S9. When would you reduce HLD's log² to log? For invertible monoids (sum), the "subtree-add / path-query" prefix duality over a Fenwick can give O(log N) path queries. For min/max (non-invertible) the trick fails and you stay at O(log² N) or move to an LCT for amortized O(log N).
S10. CQRS view of HLD? Treat the durable edge list + value log as the write model and the HLD index as a derived, rebuildable read model. The index is a cache: throw it away and regenerate from the log on restart or schema change.
Professional Questions (8 Q&A)¶
P1. State and prove the light-edge bound precisely. For any node u, the number of light edges on the root→u path is ≤ ⌊log₂ N⌋. Proof: each light step multiplies the current subtree size by ≤ ½ (Lemma: size(light child) ≤ size(parent)/2), heavy steps don't increase it, so after L light steps the size is ≤ N/2^L ≥ 1, giving 2^L ≤ N, i.e. L ≤ ⌊log₂ N⌋.
P2. Prove chain contiguity. The heavy-first DFS assigns pos(head), then immediately pos(head)+1 to the heavy child, and so on down the chain (induction). Light subtrees branch off and are numbered after the whole heavy descent, so they get strictly larger indices. Hence the chain is exactly [pos(head), pos(head)+k−1].
P3. Why are the two logs in O(log² N) independent? The first counts contiguous intervals the path decomposes into — a property of the tree and the heavy rule. The second is the base structure's per-interval cost. Swap the base structure and the path cost becomes O(log N · f(N)): Fenwick f=O(log N), merge-sort tree pushes "count ≤ x on path" to O(log³ N).
P4. How does an LCT achieve O(log N) where HLD pays O(log² N)? An LCT uses splay trees as the per-path structure; access exposes a root-to-node preferred path and its cost telescopes to O(log N) amortized via the splay potential argument. So it's O(log N) amortized (and dynamic), versus HLD's O(log² N) worst-case static.
P5. Describe HLD's cache behavior. Build pass 1 (sizes/heavy) is cache-hostile (scattered parent/child indices). Query time: chain queries hit contiguous base[] ranges (chain = contiguous), so they're localized; subtree queries are a single contiguous interval (best case). The chain loop does O(log N) scattered reads into head/parent/depth — keep those as separate flat arrays (structure-of-arrays).

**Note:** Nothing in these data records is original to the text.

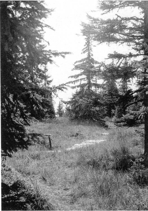
Figure 10. Le site protégé du Niremont est en voisinage direct avec...
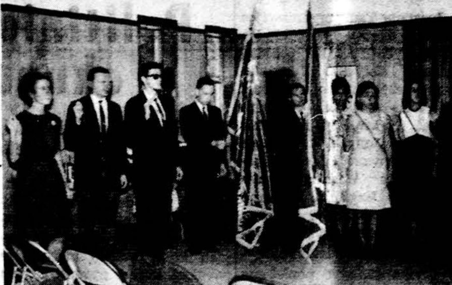
Studentų ateitininkų priesaika Dainavos stovykloje.

Stovykloje vyko SAS suvažiavimas, per kurį centro valdyba ir draugovės davė pranešimus ir buvo išrinkta 1965—66
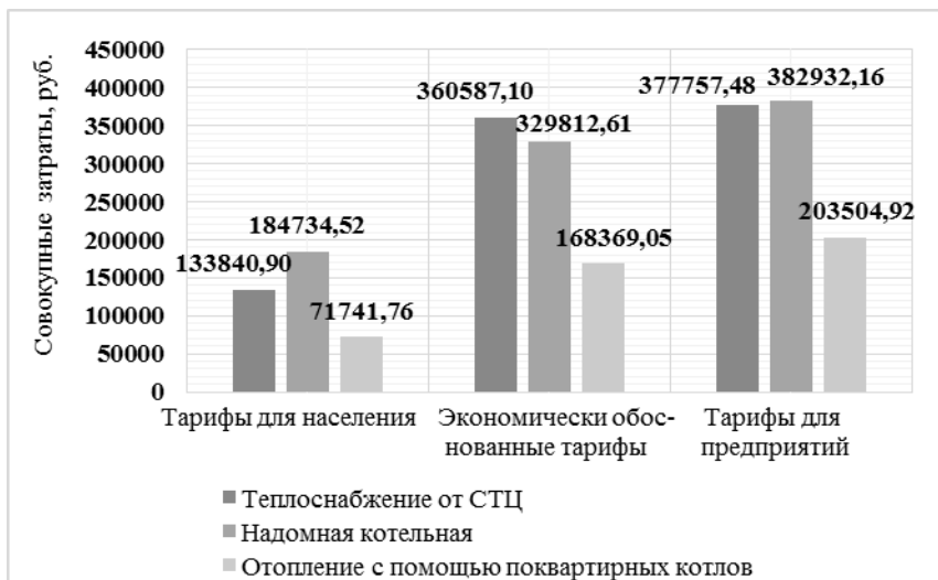
Рисунок 2 – Совокупные затраты по 36-квартирному дому, рублей

Таким образом, при оплате теплоснабжения по экономически обоснованным тарифам совокупные затраты выросли в 2 – 3,6 раза. А при тарифах для предприятий в 2,7 – 6,8 раза.
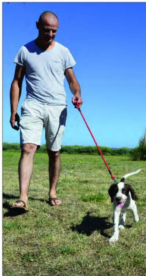
Première expérience de la marche en laisse, une phase à ne pas négliger.

recommandé d'attendre d'avoir parfaitement sociabilisé et commencé à dresser un premier sujet jusqu'à son adolescence avant d'accueillir le second élève. Selon nombre de spécialistes, deux chiots ensemble doublent rarement les plaisirs mais assurément les problèmes.
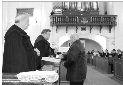
Negyedik alkalommal osztották ki a Czeglédi-díjakat
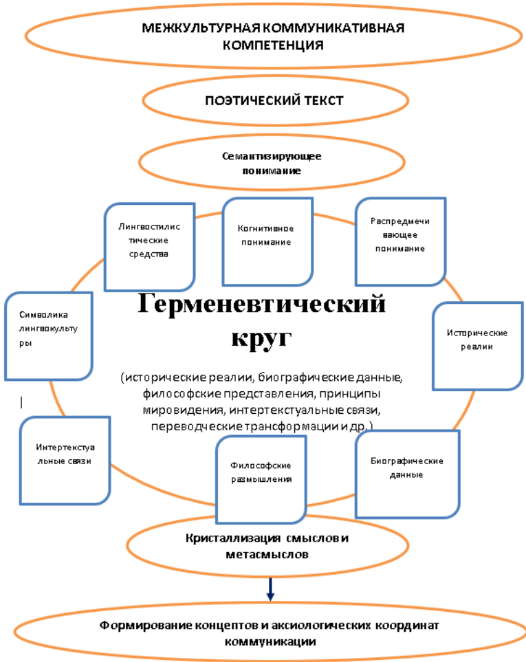
Рис. 1. Формирование межкультурной коммуникативной компетенции на материале поэтического текста.

низации 289 , что требует детального рассмотрения и способствует глубинному постижению языковых структур. Взаимодействие гармонии и герменевтики в пространстве герменевтического круга способствует углублению понимания на каждом витке круга и формированию межкультурной компетенции. В результате процесс формирования межкультурной коммуникативной компетенции на материале поэтического текста можно представить в виде схемы (Рис. 1).
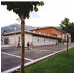
Mediathek Wallis - Brig

P6. What's the average-case number of chains per path? Far below the 2 log N worst case. Random trees touch a handful; a path graph touches 1; balanced trees approach log N but with length-1 chains. The log² is a safe upper bound rarely realized.
P7. Space-time trade-offs for the base structure? Iterative Segment Tree (2N, best cache), recursive lazy (4N, range updates), Fenwick (lowest constant, sums), persistent (N + Q log N, versions), merge-sort tree (N log N space, log³ N order-statistics on paths). Topology arrays are always Θ(N).
P8. Name an open problem related to HLD. A practically fast, worst-case O(log N), easy-to-implement, fully-dynamic path-aggregate structure. LCTs are amortized; top trees / Frederickson topology trees are worst-case O(log N) but have large constants and intricate code. Shaving the log² for non-invertible monoids (min/max) with updates, small constants, and O(N) space is the everyday open question.
Behavioral / System-Design Questions (5)¶
B1. "Design a service that answers path-aggregate queries over a 50M-node org tree, updated hourly, read millions of times per minute." Static shape (org changes are rare) + read-heavy → HLD. Split into immutable topology (built once, shared read-only, replicated to every query node) and a value layer (Segment Tree, updated hourly). Use copy-on-write/persistent snapshots so reads never block on the hourly update. On the rare reorg, rebuild via double-buffer and atomic swap. Shard by independent org tree if you have many tenants.
B2. "A teammate proposes a Segment Tree for tree-path queries. What do you ask?" "A Segment Tree works on arrays — how are you mapping tree paths onto array intervals?" That surfaces the need for HLD (or Euler tour for subtree-only). Then clarify vertex vs edge values, whether the tree shape changes (→ LCT), and the expected query mix.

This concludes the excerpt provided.